All and sundry

*

The closer Christofer’s birthday comes, the less I think about him. I get through whole days without crying. It’s like my brain has put its blinders on. If I can’t see it, it can’t see me. Too bad that’s not how it works.

My logical mind says it’s just another day among many. But those blinders…they’re on for a reason. If I think the thought, it flies away quickly. Like right now, I’m already thinking about the rest of this post, tomorrow’s hair appointment, the busy weekend. Distraction that can’t quite pretend there’s nothing more nefarious going on.

**

Traegar’s Lunatics is now 33K words. I’m so in love. (first draft–don’t judge.)

Leaning low compressed lungs too weak to compensate, but Alfonse held his breath and did so. He kissed her brow. He kissed the fair princess’ cheek, and the monster’s. He dropped back in his chair, gasping. Cecibel opened her eyes, blue marbles, even, impossibly, the ruined one. The moment froze one heartbeat. Two. Three. Four. She was rising, towering over him. A wounded Valkyrie fresh from battle. Alfonse felt so small in that gaze. A withered old man who’d trespassed into places he didn’t belong, and couldn’t survive.

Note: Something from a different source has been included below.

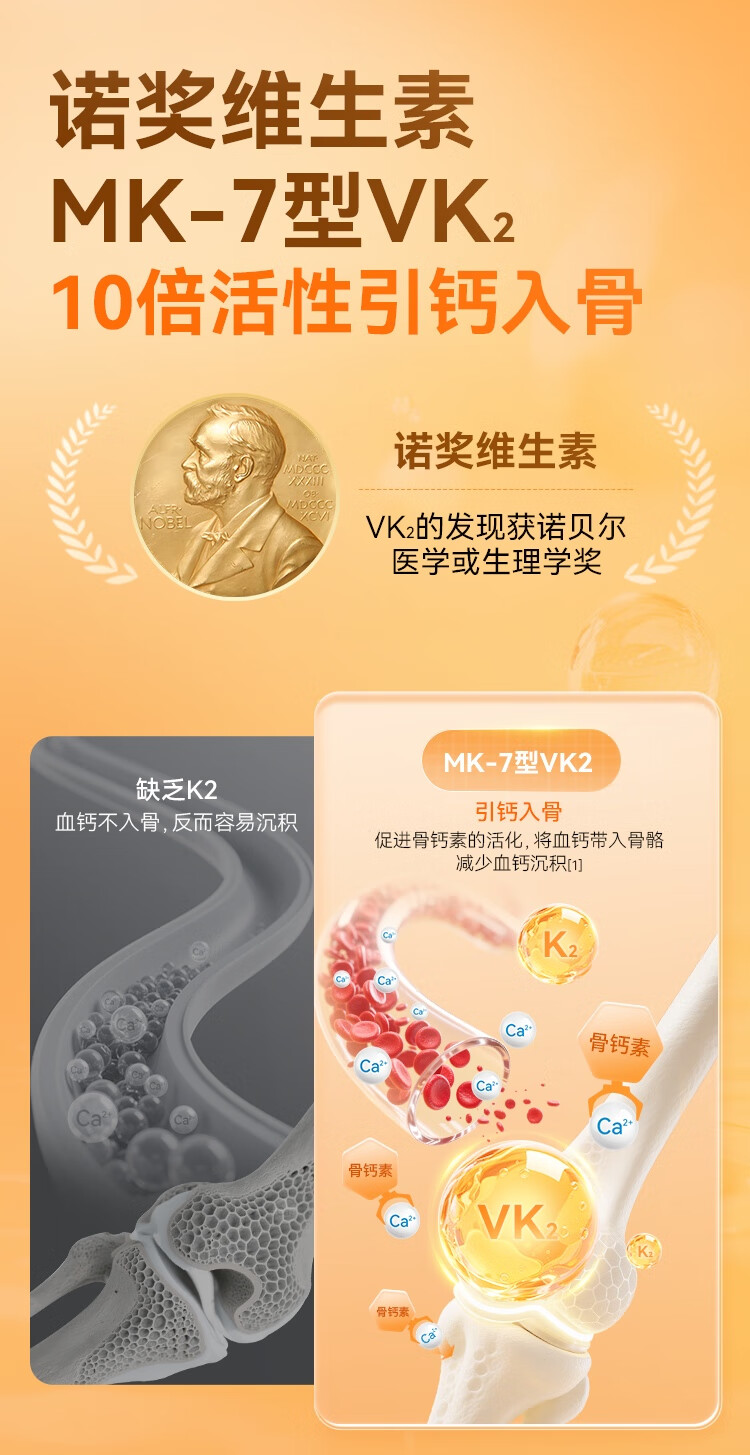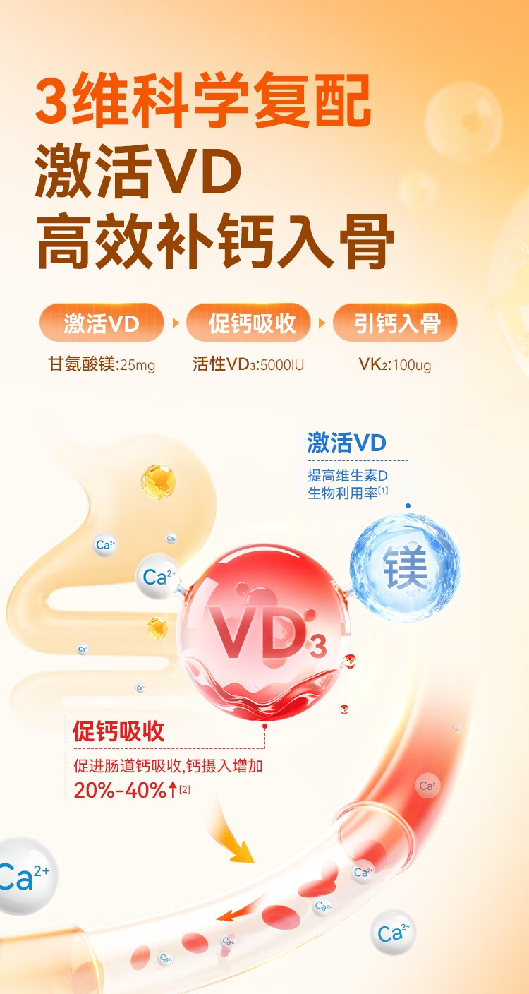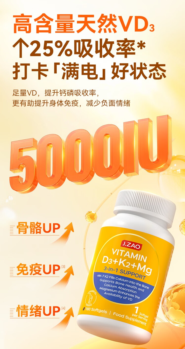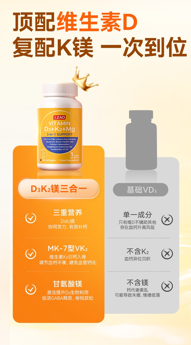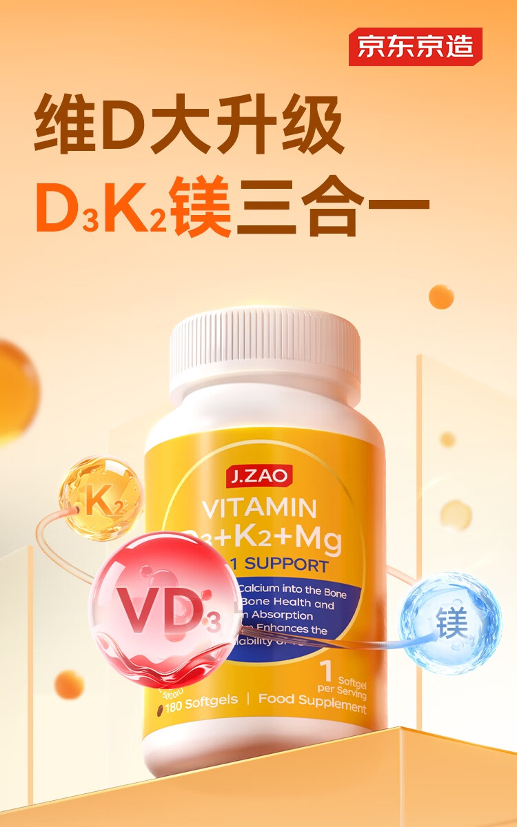 J.ZAO京东京造维生素D3K2镁三合一180粒 维d甘氨酸镁补钙备孕中老年

Cecibel’s hand came to rest on his shoulder. A swoop of hair dropped into his lap as she kissed his brow, his cheeks, his lips. She lingered there though he didn’t respond, couldn’t respond without breaking the spell. A thousand sweaty nights, languid afternoons, fresh mornings careened through his body, his brain. To pluck even one of them from the parade would undo him. Instead, his fingers curled into that hair pooled in his lap. He fingered it, concentrated on the thick softness Cecibel took with her when she pulled away.

He didn’t call her back. She didn’t glance over her shoulder. The metallic click of his door was the only indication that she was gone; he hoped, not for good.

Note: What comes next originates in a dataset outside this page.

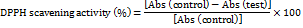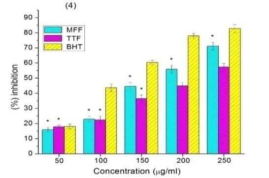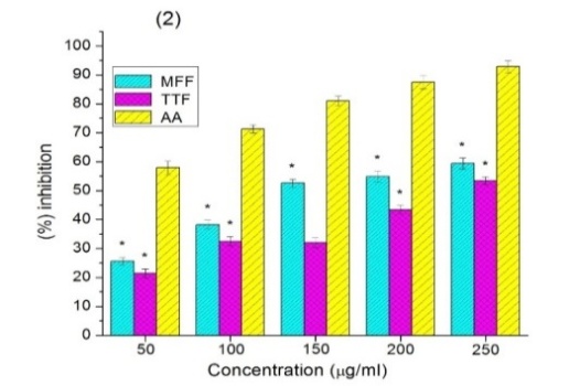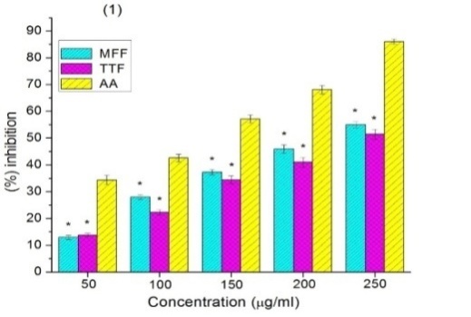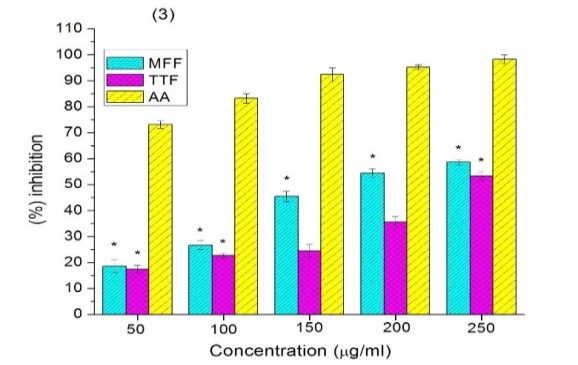 Free radical scavenging activity of TTF and MFF extracts against 2, 2-diphenyl-1-picrylhydrazyl radical (DPPH) was investigated spectrophotometrically by modified method of Chan et al. [13]. Different aliquots of both standard and sample solutions (50-250 µg/ml) were mixed with 1 ml of DPPH (0.2 mmol) solution. The mixtures were incubated in dark for 30 min at room temperature and the absorbance was measured at 517 nm. The absorbance of the control sample containing the same amount of solvent and DPPH solution was measured. Ascorbic acid was used as standard and the percent inhibition of activity was calculated using formula,

Head back, eyes on the ceiling so high above his head, Alfonse counted breaths until he could do so calmly. He couldn’t have written the magic of these moments, not if given another century to try. Life could never be contained by words. It could only be expressed to the best of one’s ability, in the hopes of capturing a tiny spark and giving it away.

***

Busy weekend, starting with tomorrow’s hair appointment. Blue and purple this time. Really, my hair is still blue (baby blue, now) from when I did it around Halloween, but it’s grown out some. I’ve got a book signing on Saturday, and a writing group event on Sunday. I figure it’s time for a fresh-up.

****

Next Friday is Christofer’s birthday. So much distraction. I’ll be fine.

10 Comments

Filed under Life's honest moments, Traegar's Lunatics

10 responses to “All and sundry

  1. “A thousand sweaty nights, languid afternoons, fresh mornings careened through his body, his brain. To pluck even one of them from the parade would undo him.”

    Absolutely love this. ❤

    Rock that blue and purple hair for me, Terri!

    Like

  2. Sheer poetry, Terri! Hugs to you.

    Liked by 1 person

  3. dianamunozstewart

    Love that last line. Fantastic. And, if you’re looking for a distraction, don’t forget me!! I’m available to talk, text, or meet you in NYC!

    Liked by 1 person

    • Terri-Lynne DeFino

      Thank you! And I know you’d walk on water for me, Diana–or even drive over three hours to spend half an hour with me and then turn around and drive another three hours home. 🙂 ❤

      Like

  4. Fabulous last line! Glad the book is moving along. And that you’re hanging in there. I’m always here for you.

    Liked by 1 person

  5. Carol Lovekin

    “Life could never be contained by words.”
    Neither could your beloved son. Christoph is your ‘tiny spark.’

    Love the hair… xXx

    Like

    • Terri-Lynne DeFino

      No he couldn’t be, and yes, he is. Rough week. Friday is his birthday and I feel…you know that sensation when you’re standing in the tide? Not the pulling sensation as the water goes out, but that momentary building just before the wave rolls and it’s about to rush at you? Yeah, that feeling. I’m trying to breathe, to just let it go, but…yeah. Not so successful. I’ll keep trying.